The global media and entertainment company said that the board has unanimously approved the merger agreement and recommends that its shareholders adopt the deal.

“We are very pleased to announce this transaction which provides substantial value to our shareholders. We look forward to working with Thomas H. Lee Partners and Bain Capital Partners to continue our business plan to provide exceptional programming to our audiences and value to our advertising partners,” said Mark P. Mays, the Chief Executive Officer of Clear Channel.

As per the reports, Lowry Mays, the company's chairman of the board, who founded the company with the purchase of one San Antonio radio licence in 1972, will continue with his active role. His sons, Mark and Randall will continue as chief executive and chief financial officer, respectively. However, the financial details were not immediately available.

Under the terms of the deal, Clear Channel can solicit competing bids from third parties through December 7, 2006. The deal also allows it to negotiate with parties that submit competing offers by that time until January 5, 2007.

The deal has a provision of a break up fee that means if Clear Channel goes for any other superior proposal, a break up fee would be payable by the Company to Bain and Thomas H. Lee.

As part of the deal, the Mays family agreed to significantly reduce payments they could have received from a change in control.
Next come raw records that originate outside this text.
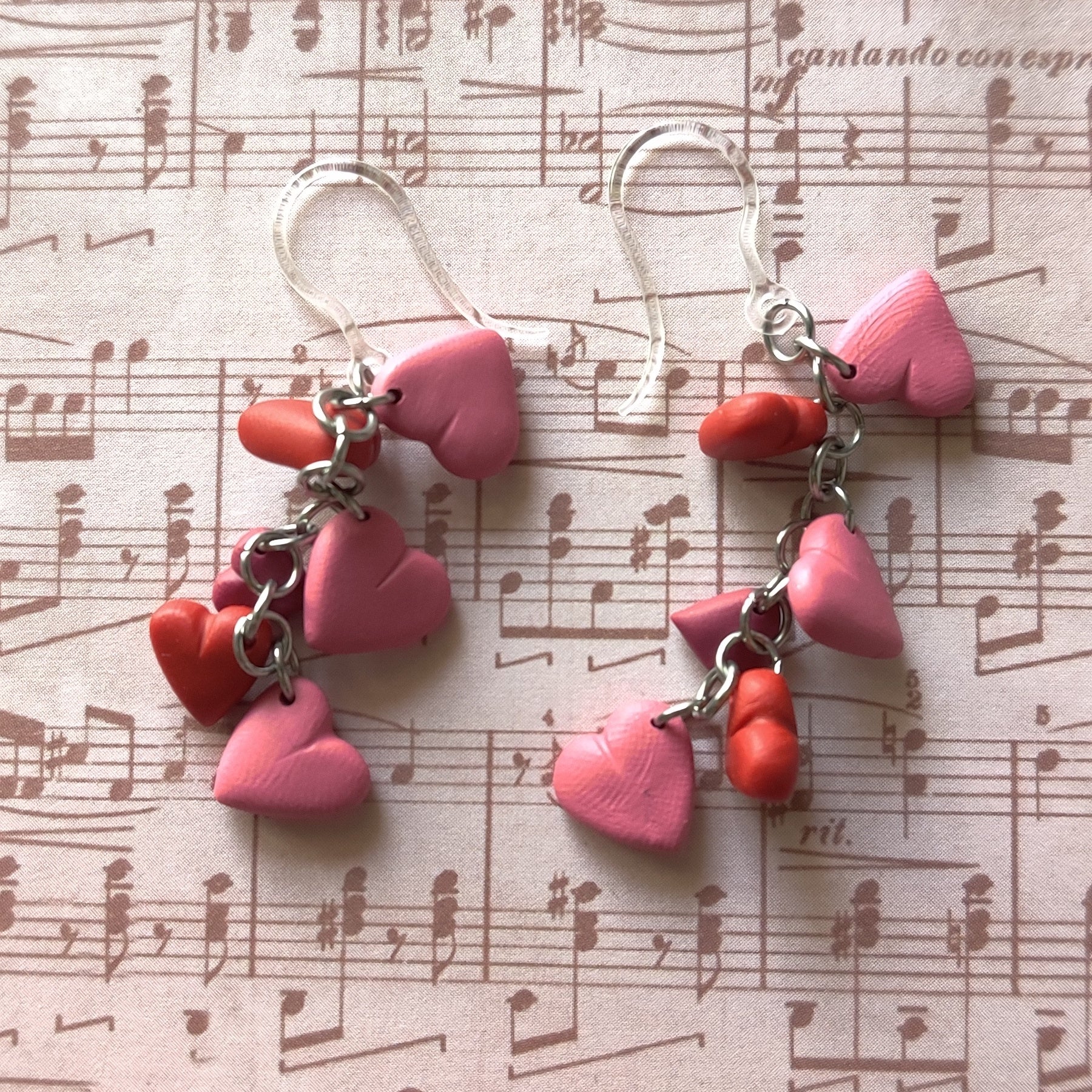 These heart stack dangle earrings would make a great gift for the special someone in your life. The hearts come in three different shades of pink and red with a total of 6 hearts on each earring.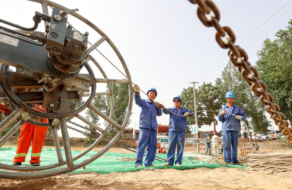 近日,河北省石家莊晉州市氣溫持續(xù)攀升,在河北石家莊晉州園區(qū)110千伏輸變電線路工程施工現(xiàn)場(chǎng),國(guó)網(wǎng)石家莊供電公司的50多名施工人員正在有條不紊地開展張力放線施工作業(yè)。
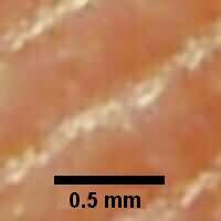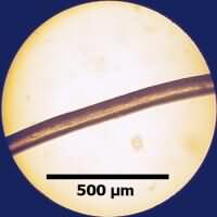 Ein Haar und 1 Quadratratmillimeter Haut in etwa gleicher Vergrößerung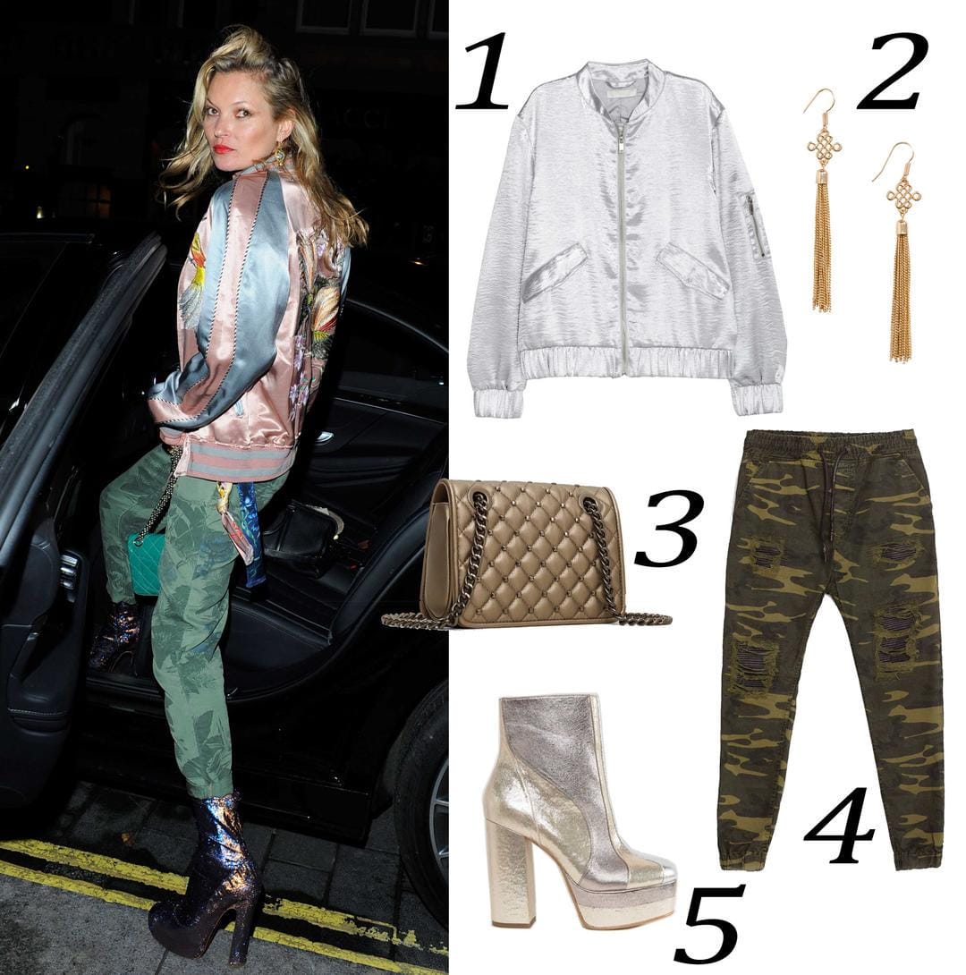 Menggabungkan dua statement pieces memang nggak mudah. Tapi berkat Kate Moss semua terlihat super easy. Dimana satin bomber dan motif camo yang masih hits, ia presentasikan dengan gaya yang begitu unik nan nyentrik. Untuk semakin mencuri perhatian jangan lupa juga mengenakan sepatu platform metalik. Overall, gaya ini bisa menjadi opsi menarik untuk kamu tampil mewah tapi tetap santai. Setuju?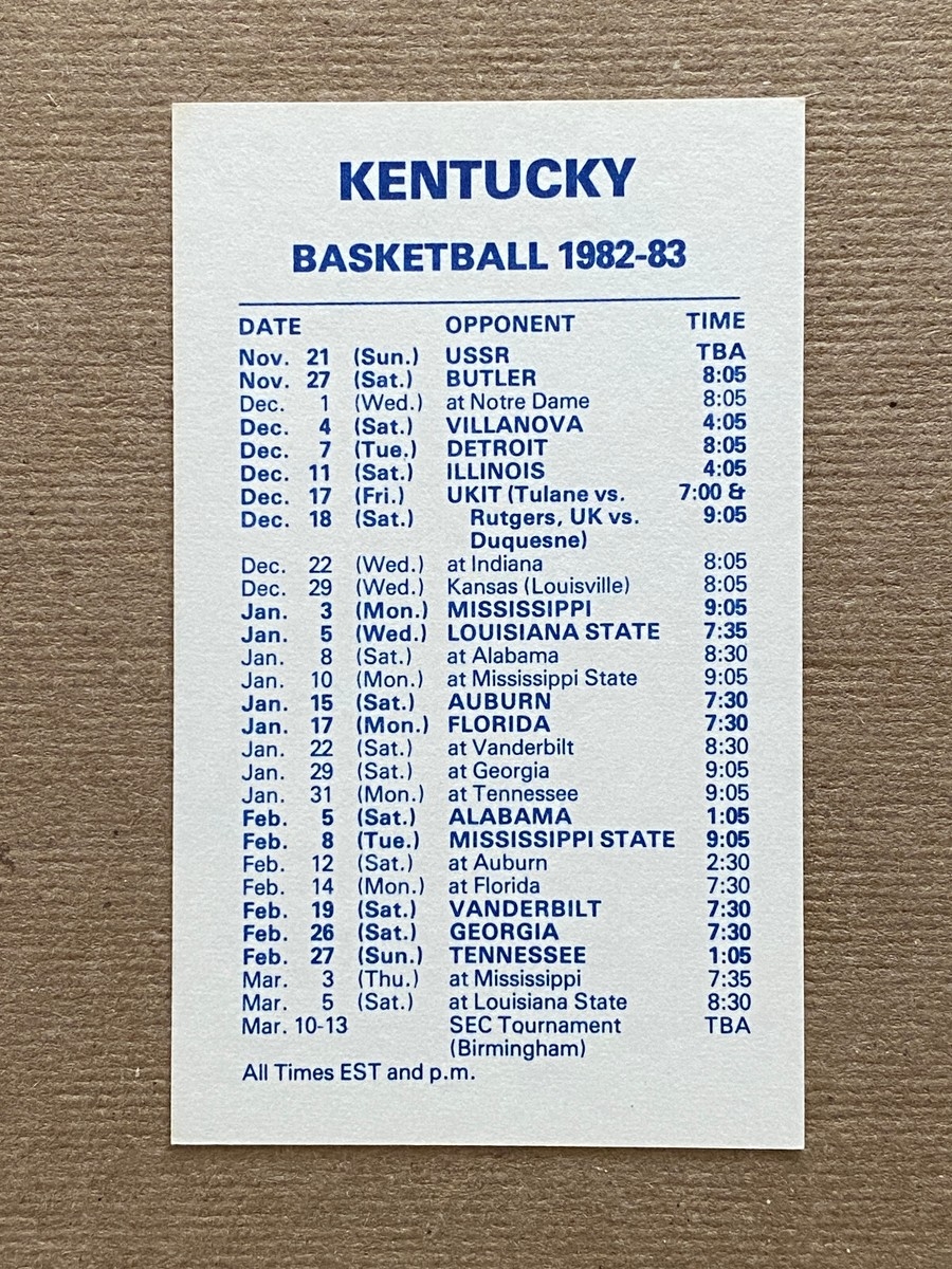 CBK 1982 83 KENTUCKY WILDCATS College Basketball Schedule Card TOM HEITZ EBay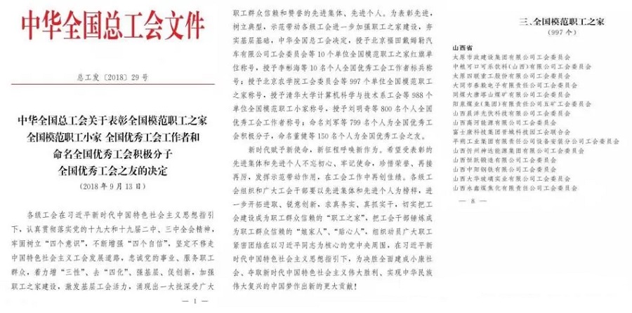 太原市政建設(shè)集團有限公司工會榮獲“全國模范職工之家”光榮稱號

Lowry Mays stood to receive more than $23m and his two sons stood to receive $14m each.

In a separate release yesterday, Clear Channel, which owns 1,150 radio stations and 42 television stations in the country, announced its plan to sell 448 of its radio stations, all located outside the top 100 media markets in the U.S., and its TV broadcasting unit.

Clear Channel shares closed up 3.6 percent at $35.36 on Thursday at the New York Stock Exchange.